Marquette’s Otule battles back again, ready for Year 6

Chris Otule is ready for a sixth season, and hopes it's his best one yet. (USA Today)

Chris Otule is ready for a sixth season, and hopes it’s his best one yet. (USA Today)

Check the box score from the November 29 game in Gainesville a year ago and you’ll see a blowout. An 82-49 win for the no. 7 Florida Gators over Marquette. Look at Chris Otule’s line — 18 minutes, 0-for-1, one rebound, one personal foul, -21 rating — and you’ll see an overmatched center who allowed counterpart Patric Young (10 points, 10 rebounds, three blocks, two steals) to go off in the blowout.

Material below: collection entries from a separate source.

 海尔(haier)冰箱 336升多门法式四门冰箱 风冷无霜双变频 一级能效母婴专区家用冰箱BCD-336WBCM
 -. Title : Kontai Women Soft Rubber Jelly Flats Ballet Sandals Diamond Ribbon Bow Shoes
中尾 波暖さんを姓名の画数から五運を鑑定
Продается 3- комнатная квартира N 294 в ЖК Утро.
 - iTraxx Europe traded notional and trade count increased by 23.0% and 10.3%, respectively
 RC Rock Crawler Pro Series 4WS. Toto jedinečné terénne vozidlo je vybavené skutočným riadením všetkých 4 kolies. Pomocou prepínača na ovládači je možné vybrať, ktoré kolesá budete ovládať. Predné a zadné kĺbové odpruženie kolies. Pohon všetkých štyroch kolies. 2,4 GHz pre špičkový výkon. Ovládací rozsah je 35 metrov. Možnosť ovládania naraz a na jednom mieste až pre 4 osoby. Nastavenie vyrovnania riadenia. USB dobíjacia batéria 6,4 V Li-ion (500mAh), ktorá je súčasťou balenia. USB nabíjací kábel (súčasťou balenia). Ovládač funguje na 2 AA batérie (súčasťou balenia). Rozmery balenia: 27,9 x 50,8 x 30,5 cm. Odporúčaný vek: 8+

Worse, what won’t show up in that box score is the bulky left-knee brace Otule lugged around. What won’t show up is his noticeable struggle to make it up the court and gain position on the low block. There are no exact numbers to describe the way he allowed guards and forwards past him while failing to find a body to box out when Gator shots went up.

If that assessment seems harsh, it should. The sixth-year senior Otule will tell you the same. He had feasted on weaker competition to that point, averaging 8.5 points and 3.3 rebounds in 16.5 minutes through six games. But in Marquette’s first road test, Otule looked like a player returning from ACL surgery without a real role in the Golden Eagles’ eventual conference championship/Elite Eight season.

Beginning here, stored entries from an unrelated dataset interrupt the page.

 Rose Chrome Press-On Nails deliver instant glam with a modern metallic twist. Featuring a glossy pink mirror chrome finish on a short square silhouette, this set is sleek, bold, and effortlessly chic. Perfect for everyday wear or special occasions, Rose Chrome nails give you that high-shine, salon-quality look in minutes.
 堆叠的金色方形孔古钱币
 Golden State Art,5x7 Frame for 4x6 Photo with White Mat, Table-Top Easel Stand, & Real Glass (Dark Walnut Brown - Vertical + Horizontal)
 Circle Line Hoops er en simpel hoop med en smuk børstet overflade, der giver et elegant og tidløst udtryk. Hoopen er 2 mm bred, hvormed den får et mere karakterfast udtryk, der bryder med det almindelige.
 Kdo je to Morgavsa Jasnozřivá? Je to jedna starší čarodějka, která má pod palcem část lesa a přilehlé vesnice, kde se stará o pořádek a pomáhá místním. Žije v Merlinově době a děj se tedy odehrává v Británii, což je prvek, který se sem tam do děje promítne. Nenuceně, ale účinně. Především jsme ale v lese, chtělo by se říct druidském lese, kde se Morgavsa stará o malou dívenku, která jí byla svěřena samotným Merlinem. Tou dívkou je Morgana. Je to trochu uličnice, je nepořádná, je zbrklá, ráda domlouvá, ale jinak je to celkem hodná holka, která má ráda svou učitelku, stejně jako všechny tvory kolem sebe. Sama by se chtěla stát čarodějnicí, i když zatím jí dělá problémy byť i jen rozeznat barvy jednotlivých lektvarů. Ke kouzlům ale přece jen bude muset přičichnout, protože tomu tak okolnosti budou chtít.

“I’m not gonna lie, in the beginning of the season it was so hard,” Otule told Paint Touches, specifically noting the game in Florida. “Just the soreness of running up and down the court my knee would get, sort of — I couldn’t even play the minutes that I was capable of. I was limited to a couple minutes. I couldn’t get position on the block or even run up the court without feeling sore.”

But that sobering performance wasn’t the end for Otule. Occurrences like that never had been.

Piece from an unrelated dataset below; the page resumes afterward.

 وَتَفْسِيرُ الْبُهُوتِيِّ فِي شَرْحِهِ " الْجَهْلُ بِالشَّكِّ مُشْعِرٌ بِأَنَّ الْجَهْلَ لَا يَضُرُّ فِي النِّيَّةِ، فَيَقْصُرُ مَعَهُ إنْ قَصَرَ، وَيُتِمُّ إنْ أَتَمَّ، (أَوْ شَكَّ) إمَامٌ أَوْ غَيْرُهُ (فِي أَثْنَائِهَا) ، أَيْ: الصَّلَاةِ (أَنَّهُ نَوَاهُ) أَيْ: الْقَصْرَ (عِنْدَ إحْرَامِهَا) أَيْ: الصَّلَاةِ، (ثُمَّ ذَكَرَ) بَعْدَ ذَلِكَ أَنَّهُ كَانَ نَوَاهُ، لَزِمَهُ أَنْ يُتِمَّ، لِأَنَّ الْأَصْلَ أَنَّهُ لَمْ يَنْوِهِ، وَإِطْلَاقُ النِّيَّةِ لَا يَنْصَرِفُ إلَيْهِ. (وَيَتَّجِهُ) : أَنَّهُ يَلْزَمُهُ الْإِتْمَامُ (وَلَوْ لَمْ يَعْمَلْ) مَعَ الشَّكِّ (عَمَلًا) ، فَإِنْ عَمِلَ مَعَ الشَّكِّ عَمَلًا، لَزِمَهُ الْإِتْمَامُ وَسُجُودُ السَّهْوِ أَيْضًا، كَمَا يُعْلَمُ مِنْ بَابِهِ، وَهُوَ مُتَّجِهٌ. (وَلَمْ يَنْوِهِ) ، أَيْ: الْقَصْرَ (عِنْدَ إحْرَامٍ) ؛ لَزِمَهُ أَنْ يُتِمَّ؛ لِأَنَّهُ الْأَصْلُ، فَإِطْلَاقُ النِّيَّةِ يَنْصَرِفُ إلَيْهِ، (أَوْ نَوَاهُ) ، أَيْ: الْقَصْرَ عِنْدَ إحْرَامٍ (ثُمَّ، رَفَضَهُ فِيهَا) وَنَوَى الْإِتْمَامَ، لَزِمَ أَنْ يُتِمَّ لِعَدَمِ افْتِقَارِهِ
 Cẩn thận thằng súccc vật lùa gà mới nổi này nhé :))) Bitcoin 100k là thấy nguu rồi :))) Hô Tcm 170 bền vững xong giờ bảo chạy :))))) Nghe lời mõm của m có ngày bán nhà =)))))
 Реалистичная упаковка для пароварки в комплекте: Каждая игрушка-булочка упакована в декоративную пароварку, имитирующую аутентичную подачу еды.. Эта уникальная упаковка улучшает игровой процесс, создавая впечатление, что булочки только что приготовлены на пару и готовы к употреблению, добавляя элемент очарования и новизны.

The 6-foot-10 center wasn’t going to let his career end on the bench or on a trainer’s table. The kid from Houston who averaged 2.0 points per game as a high school junior, who had come so far and overcame so many previous obstacles that should have ended his career, couldn’t let this be it. Wincing with every step he took in a Gainesville arena couldn’t be how everyone remembered Chris Otule.

It couldn’t be how he remembered Chris Otule.

So he worked. Like he always has. He came in hours before daily workouts and practices to receive additional treatment on his surgically repaired knee. He continued to retool his offensive game and he found his role — “I had no idea what I was going to play like” — on a team that needed every ounce of what he was capable of at his best.

As his knee progressed and he continued his re-acclimation of what it was like to play in the Big East, his numbers soared to new heights. During a 10-game stretch in conference play, from Jan. 28 to March 2, Otule averaged 7.0 points, 3.5 rebounds and 1.5 blocks in 20.3 minutes. He made 32 of 39 shots (82 percent), including a 16-point effort on 8-for-8 shooting in a win over Notre Dame. He scored in double figures twice in the NCAA Tournament (Davidson, Miami) and even recorded his first career double-double in the third round.

It was that late stretch of play that convinced Otule to return for a sixth and final season, a decision that was made official in May. Otule admits he knew for a while that he wanted to exhaust his final season of eligibility but didn’t want to make it a distraction had he announced it publicly.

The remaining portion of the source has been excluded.